Жизнь в больнице, особенно поначалу, очаровательна своей медлительностью. Я легонько насвистывал. Я вполне ожил. (Быстро пускаю корни.) На душе широко, легко, как после одержанной победы. Я тоже великий старик. Мучившее отступило. В результате ли инъекций, нещадно кололи двое суток, либо же как результат собственного срыва (когда я изошел в вое и в крике), мне полегчало. Я верю в крик. Вой не бывает неискренним. Тот ночной крик в бомжатнике был расслышан. Они (там, высоко наверху) приняли мой вой и мою боль как покаяние; приняли и зачли. Мысль мне нравится. Тем провалом в кратковременный ужас и сумасшествие я оплатил первую (скажем, так) из присланных мне квитанций. Могу жить. Совесть, похоже, умолкла. (Бедный наш рудимент. Пришлось-таки с ней считаться!) Возможно, я оплатил уже и весь счет, знать я не мог. Сумму никто не знает. Людям не дано, — философствовал я, выгуливая себя по коридору. Прогулки полезны. Маячат пять или шесть психов, тоже туда-сюда, отдых.
Нас подкалывают, послеживают (боясь рецидива), и ведь какая-никакая еда, кормежка! Кормежка и, плюс, уже чуть-чуть манящая медсестра Маруся... вот приоритеты. Гребу двумя веслами.
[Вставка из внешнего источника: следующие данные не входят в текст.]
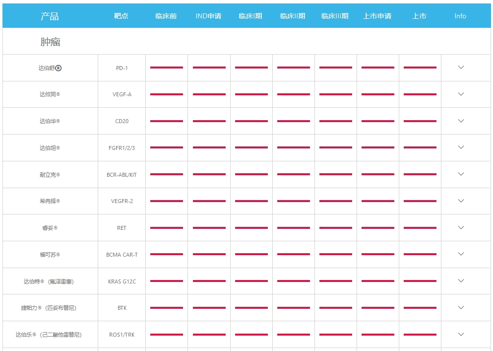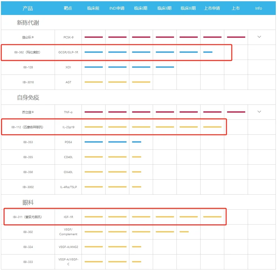 附信达生物管线情况(来源:企业官网):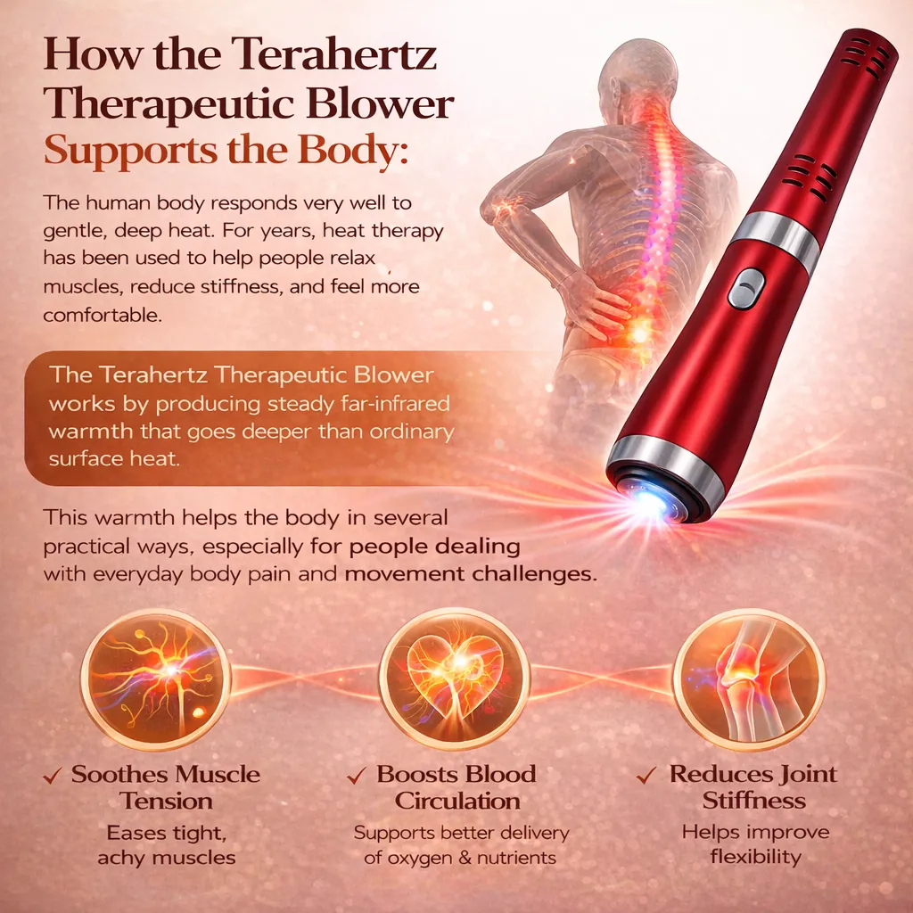 The Terahertz Therapeutic Blower works by delivering deep, gentle heat that penetrates far beyond the surface of your skin. Unlike ordinary heat that only warms the outside, this special far-infrared warmth reaches deep into your muscles, joints, and tissues where pain actually lives.

В первый день я очнулся «зафиксированный», руки-ноги привязаны к кровати, в голове тупая боль, а над головой — белый-белый потолок. Я нет-нет и проваливался в белое, плыл, но уже тогда как бы инстинктом держался за глаза улыбчивой Маруси, а потом и за рысьи глаза Калерии, второй наклонявшейся ко мне, стареющей медсестры. Руки со шприцем. Окрики. Лечащий врач Зюзин. Меня развязали. Оглядевшись, я вдруг легко осознал себя среди десяти больничных коек. А улыбающаяся Маруся подала пить... Мой лечащий Зюзин звезд не хватал ни с неба, ни у начальства: из недалеких и слишком честных. Славный тугодумный мужичок. При обходе молча стоял возле моей кровати. С лекарствами не усердствовал. Когда я бурно и сбивчиво исходил в крике, Зюзин (принимал меня из рук «скорой») все повторял: мы вас понимаем! прекрасно вас понимаем!.. Зато теперь, в палате, я уже свысока рассуждал, мол, надо же, этот мышонок, этот жеваный белый халат, он может меня понимать да еще прекрасно . (Он может понимать Калерию, которая клянчит увеличить ей зарплату на мизер.)